Work instruction => Using the records below, copy exactly the part that opens with the line holding "Tina Seelig with" and closes with the line holding "Γόμα άσπρη με", minus the pictures.

Data to process =>
━━━━

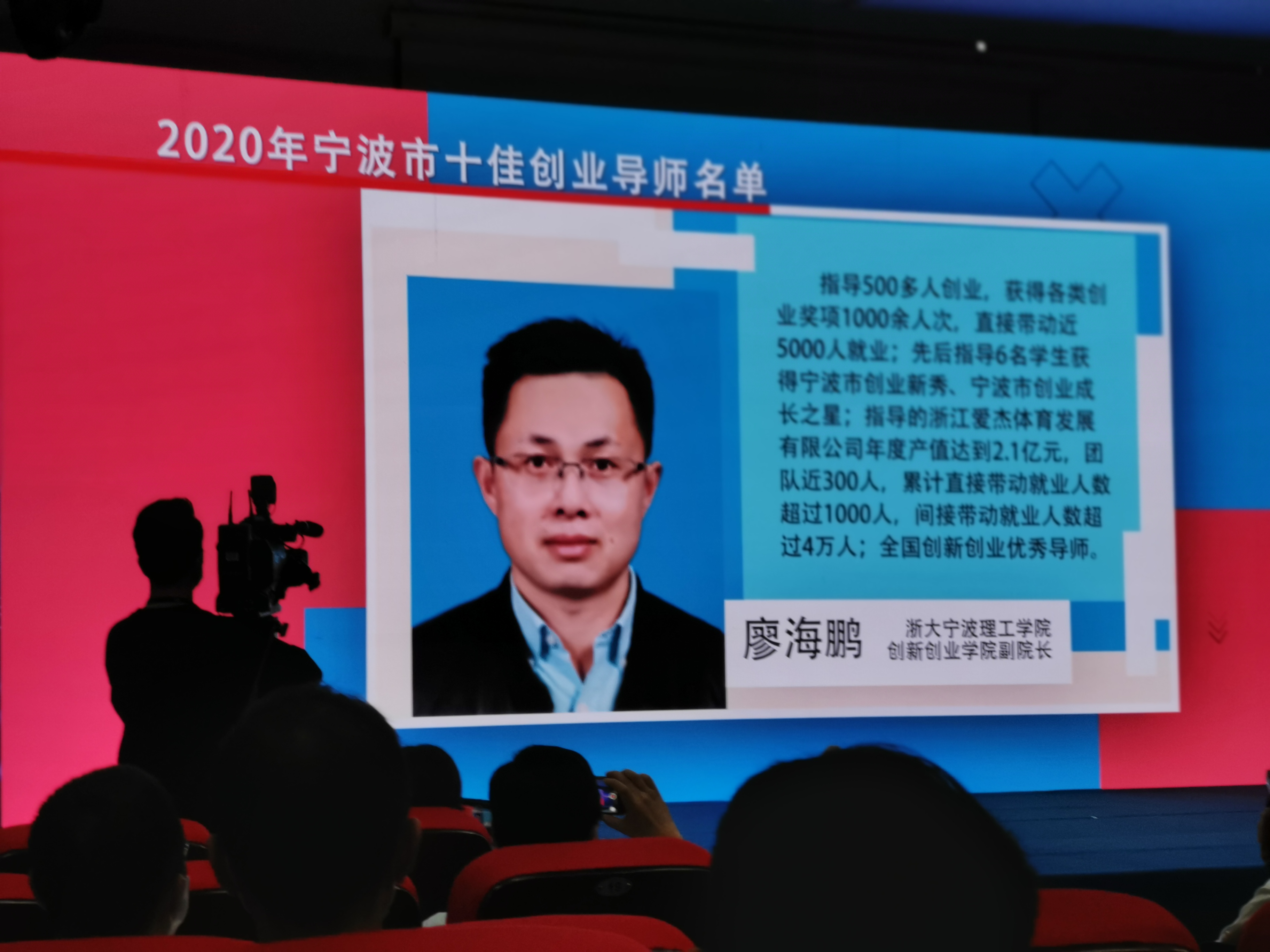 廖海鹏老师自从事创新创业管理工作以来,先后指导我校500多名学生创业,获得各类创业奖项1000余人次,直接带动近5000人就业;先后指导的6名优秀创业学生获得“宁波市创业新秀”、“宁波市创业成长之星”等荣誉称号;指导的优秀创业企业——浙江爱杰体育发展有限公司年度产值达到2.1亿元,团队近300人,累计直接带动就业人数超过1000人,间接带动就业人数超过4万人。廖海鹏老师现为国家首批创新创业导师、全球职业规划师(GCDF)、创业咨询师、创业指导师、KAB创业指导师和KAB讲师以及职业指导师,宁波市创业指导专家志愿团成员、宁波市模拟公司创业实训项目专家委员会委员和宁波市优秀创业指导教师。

━━━━

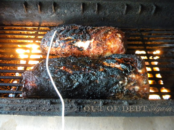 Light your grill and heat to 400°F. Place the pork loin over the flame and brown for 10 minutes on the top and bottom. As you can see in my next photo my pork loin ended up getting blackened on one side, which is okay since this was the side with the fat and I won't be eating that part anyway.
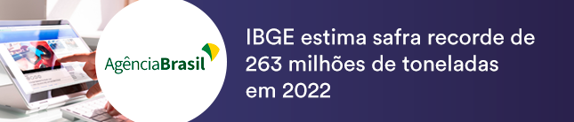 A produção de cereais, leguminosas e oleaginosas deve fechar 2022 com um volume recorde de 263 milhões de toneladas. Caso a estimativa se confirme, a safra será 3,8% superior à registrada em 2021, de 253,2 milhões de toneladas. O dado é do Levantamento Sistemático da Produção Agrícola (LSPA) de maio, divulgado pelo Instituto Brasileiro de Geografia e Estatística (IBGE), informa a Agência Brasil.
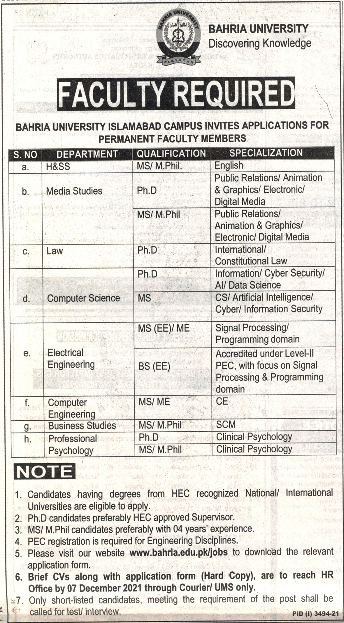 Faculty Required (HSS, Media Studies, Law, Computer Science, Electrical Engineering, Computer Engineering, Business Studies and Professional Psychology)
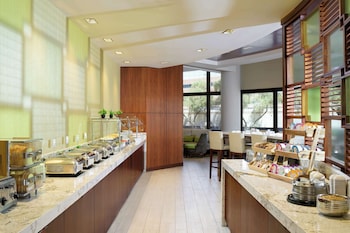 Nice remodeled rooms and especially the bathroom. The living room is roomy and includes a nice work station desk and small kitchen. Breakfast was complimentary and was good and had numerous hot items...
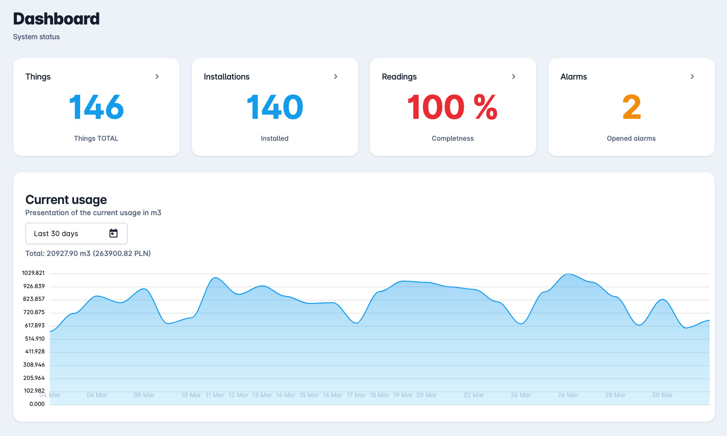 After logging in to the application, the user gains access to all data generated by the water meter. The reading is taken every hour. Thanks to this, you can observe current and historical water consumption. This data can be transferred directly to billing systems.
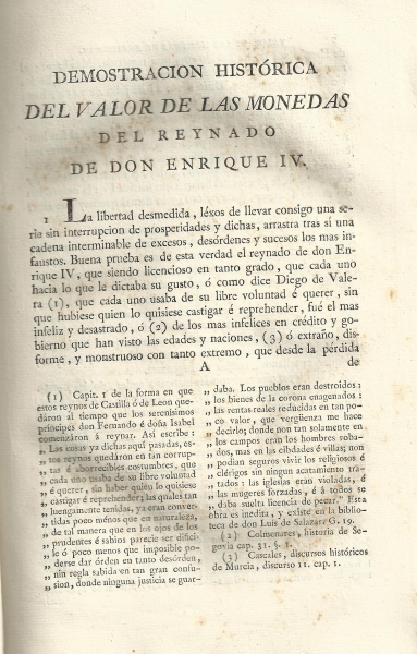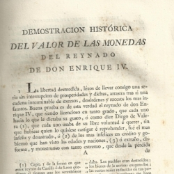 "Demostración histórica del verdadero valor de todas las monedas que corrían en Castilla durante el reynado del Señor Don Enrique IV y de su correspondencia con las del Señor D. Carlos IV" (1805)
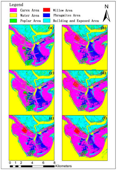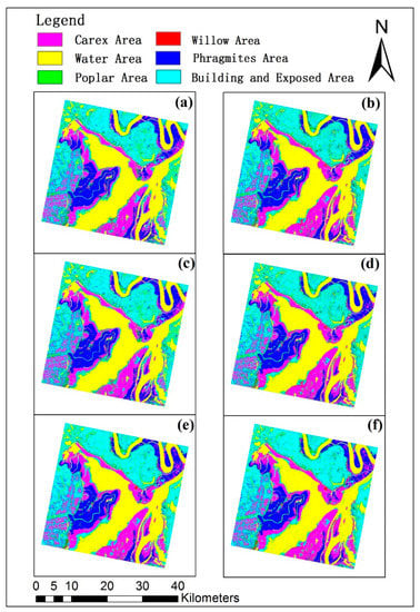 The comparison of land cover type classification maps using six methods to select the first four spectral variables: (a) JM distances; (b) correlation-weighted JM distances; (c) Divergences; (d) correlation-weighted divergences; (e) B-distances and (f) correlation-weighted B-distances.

━━━━

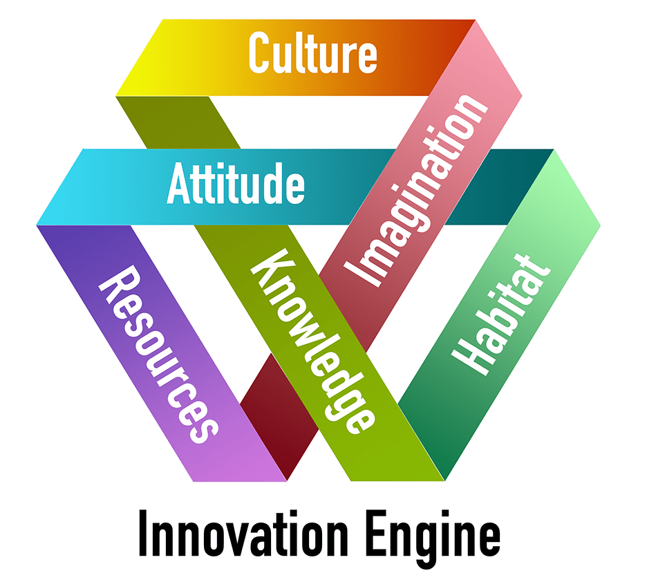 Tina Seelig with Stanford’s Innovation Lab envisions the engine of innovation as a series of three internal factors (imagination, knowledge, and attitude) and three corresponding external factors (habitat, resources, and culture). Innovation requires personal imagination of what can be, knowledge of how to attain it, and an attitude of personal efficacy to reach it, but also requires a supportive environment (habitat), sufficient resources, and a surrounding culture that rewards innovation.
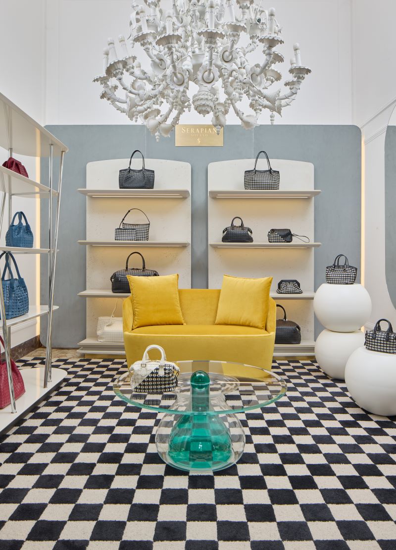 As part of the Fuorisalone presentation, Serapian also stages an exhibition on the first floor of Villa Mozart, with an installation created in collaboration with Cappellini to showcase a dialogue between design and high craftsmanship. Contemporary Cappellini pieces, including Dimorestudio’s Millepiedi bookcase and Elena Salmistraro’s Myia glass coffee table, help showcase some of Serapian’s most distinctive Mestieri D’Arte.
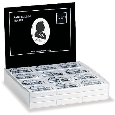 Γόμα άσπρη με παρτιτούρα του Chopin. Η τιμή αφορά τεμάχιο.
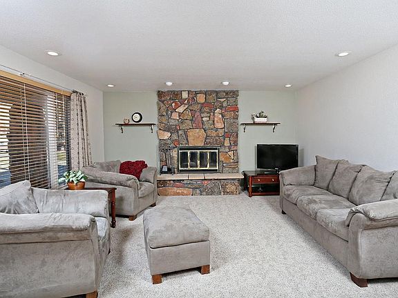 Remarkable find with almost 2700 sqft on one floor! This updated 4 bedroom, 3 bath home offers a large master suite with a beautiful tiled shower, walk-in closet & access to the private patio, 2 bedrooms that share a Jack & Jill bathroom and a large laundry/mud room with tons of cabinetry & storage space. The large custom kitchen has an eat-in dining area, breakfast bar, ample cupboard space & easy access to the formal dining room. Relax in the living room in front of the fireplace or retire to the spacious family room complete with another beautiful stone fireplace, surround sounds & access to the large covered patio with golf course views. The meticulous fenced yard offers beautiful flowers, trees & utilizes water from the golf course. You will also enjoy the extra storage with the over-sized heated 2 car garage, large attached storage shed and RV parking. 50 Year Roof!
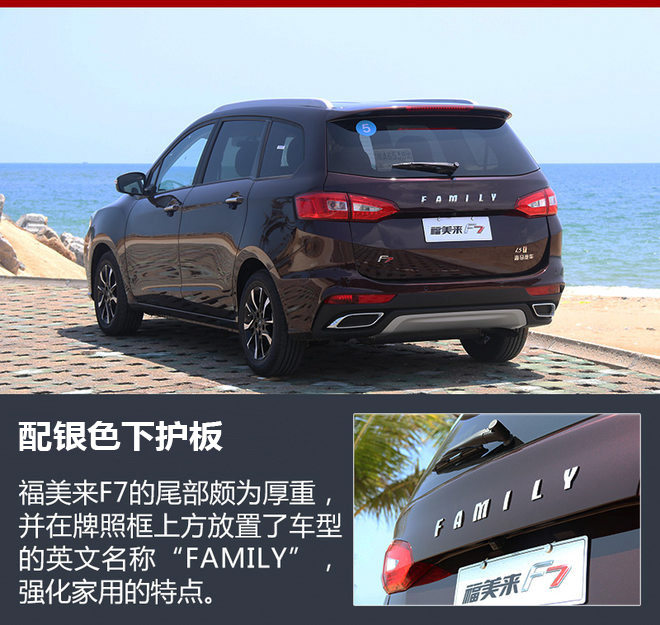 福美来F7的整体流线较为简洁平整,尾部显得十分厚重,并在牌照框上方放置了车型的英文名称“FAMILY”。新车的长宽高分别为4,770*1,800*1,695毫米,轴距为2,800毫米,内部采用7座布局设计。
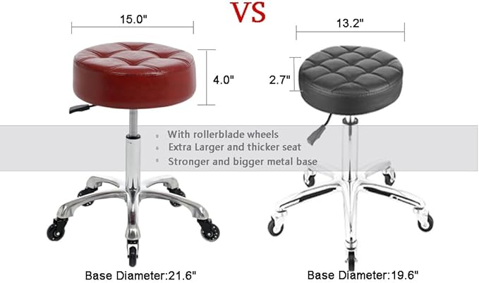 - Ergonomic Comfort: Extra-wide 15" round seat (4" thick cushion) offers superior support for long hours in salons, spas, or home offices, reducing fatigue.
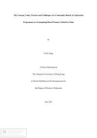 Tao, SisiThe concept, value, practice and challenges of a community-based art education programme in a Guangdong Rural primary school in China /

━━━━

Reply =>
 Tina Seelig with Stanford’s Innovation Lab envisions the engine of innovation as a series of three internal factors (imagination, knowledge, and attitude) and three corresponding external factors (habitat, resources, and culture). Innovation requires personal imagination of what can be, knowledge of how to attain it, and an attitude of personal efficacy to reach it, but also requires a supportive environment (habitat), sufficient resources, and a surrounding culture that rewards innovation.
 As part of the Fuorisalone presentation, Serapian also stages an exhibition on the first floor of Villa Mozart, with an installation created in collaboration with Cappellini to showcase a dialogue between design and high craftsmanship. Contemporary Cappellini pieces, including Dimorestudio’s Millepiedi bookcase and Elena Salmistraro’s Myia glass coffee table, help showcase some of Serapian’s most distinctive Mestieri D’Arte.
 Γόμα άσπρη με παρτιτούρα του Chopin. Η τιμή αφορά τεμάχιο.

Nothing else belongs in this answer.